This review contains affiliate links, which earn me a small commission when you click and purchase, at no extra cost to you. Thank you for supporting my small business and allowing me to continue providing you a reliable resource for clean book ratings.
Four sisters, one prodigy composer; several love stories, and one marriage.
Novelist and soprano Stephanie Cowell crafts a period piece around the real-life marriage of Wolfgang Mozart to a young woman from the Weber family.
The sisters came from a musical but not well-to-do background, and eventually had varying successes of their own in the musical world. They met Mozart during a time he was struggling to make a living as a composer as a young man just past his child-prodigy days. Their lives intersected several times in several cities in the Austrian empire.

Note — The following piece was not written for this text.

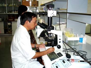 TS Nguyễn Văn Chương, Phó Viện trưởng đang sử dụng kính hiển vi chụp ảnh hình thể ký sinh trùng tại labo của Viện |

Mozart first falls in love with the beautiful Aloysia Weber, a petite charmer with an equally angelic voice. But he marries another sister, writes great music for the eldest, and is confidant to the youngest. Cowell’s novel reads much like anything set in the late 18th century: young women pin their hopes on marrying well; young men try to find their way and try to choose among their own best prospects for marriage. Overall, Marrying Mozart is an enjoyable read, an engaging window into the lives of a musical genius and those who sought to use him for their best gain.
Rated: Moderate. Language is moderate, concentrated mostly in a few spots where the young men are spending time in pubs and carousing and talking roughly and bawdily. There are no occasions of strong language. Sexual content is moderate, with a lot of references to the young women’s full bosoms, etc., etc., and the hopes of the men. For a novel set in this period, there is a surprising amount of extramarital sexual activity, with more than just basic detail, involving the main characters. If you’re expecting Austen, you’ll be taken aback.